Given data:

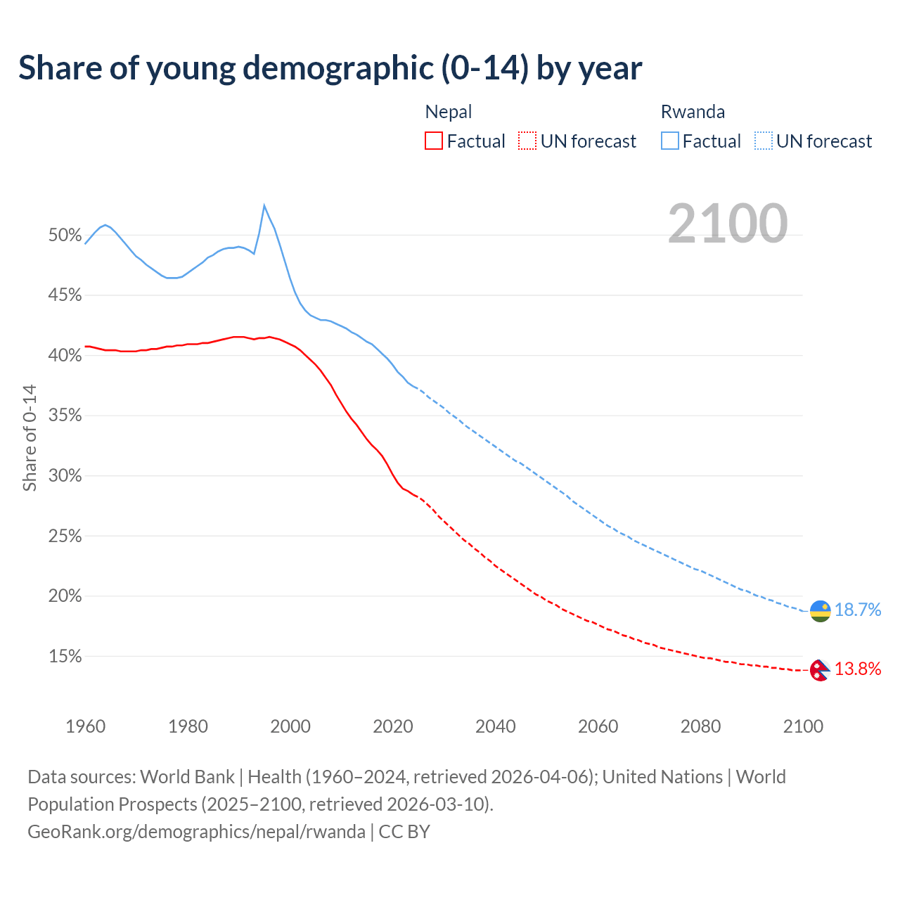 - The share of young demographic (0-15 years old) in Nepal is 28.4% vs 37.4% in Rwanda.
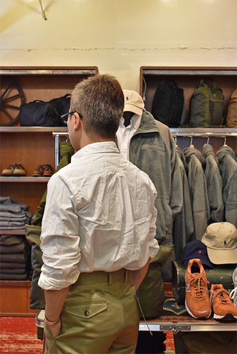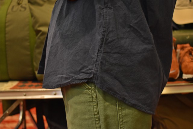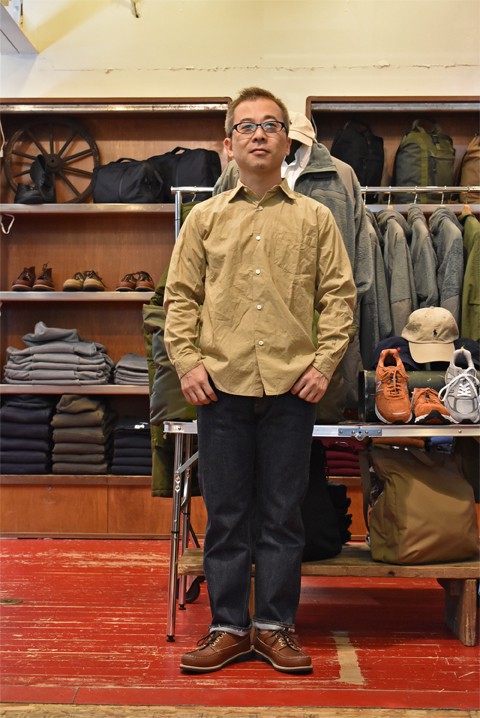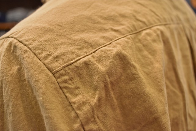 肌触りの良いややハリのある生地感、強度のある素材なので着込んでいき徐々に柔らかくなるとしなやかさが増してさらに着やすくなってきます。
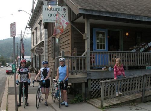Then factor in a great little gourmet/natural foods store (that would be us) to keep you fueled, and Cinder Track Bicycles, a cycle & repair shop in nearby Livingston Manor, to keep your ride going strong and provide whatever you may have forgotten to bring. Or, heck, make their day and forget some stuff on purpose. The bike shop team leads rides most summer and fall weekends. There are B&Bs in every little town, and plenty of campgrounds, both private and New York State-run, if you like roughing it. Want details? Check Cinder Track's site and/or e-mail us.
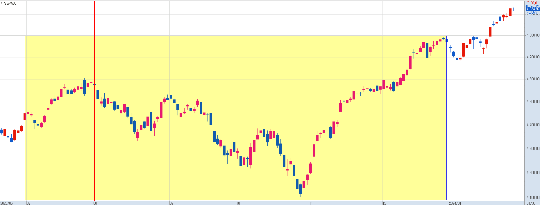 하지만, 이후 11월 들어 시장은 안정세에 접어들고 미국 증시는 2024년 강세장을 만들었습니다. 그리고 이 시기 미국 국채 시장은 의미 있는 흐름은 없었습니다.
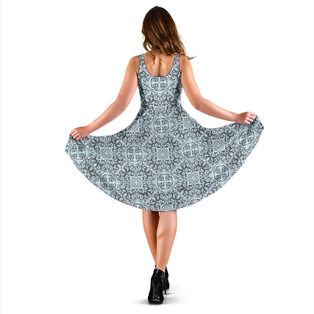Traditional indian element pattern Sleeveless Midi Dress is a uniqued design and limited item. It made to order, hand printed, and sewn with love in our factory.
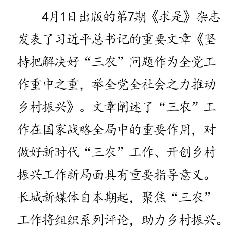長城評論 | 在希望的田野上①抓實 “三農”工作,推動鄉村振興

Assigned task: From the first line above down to the line with "肌触りの良いややハリのある生", reproduce every line and no others, omitting pictures.

Solved problem:
 - The share of young demographic (0-15 years old) in Nepal is 28.4% vs 37.4% in Rwanda.
 肌触りの良いややハリのある生地感、強度のある素材なので着込んでいき徐々に柔らかくなるとしなやかさが増してさらに着やすくなってきます。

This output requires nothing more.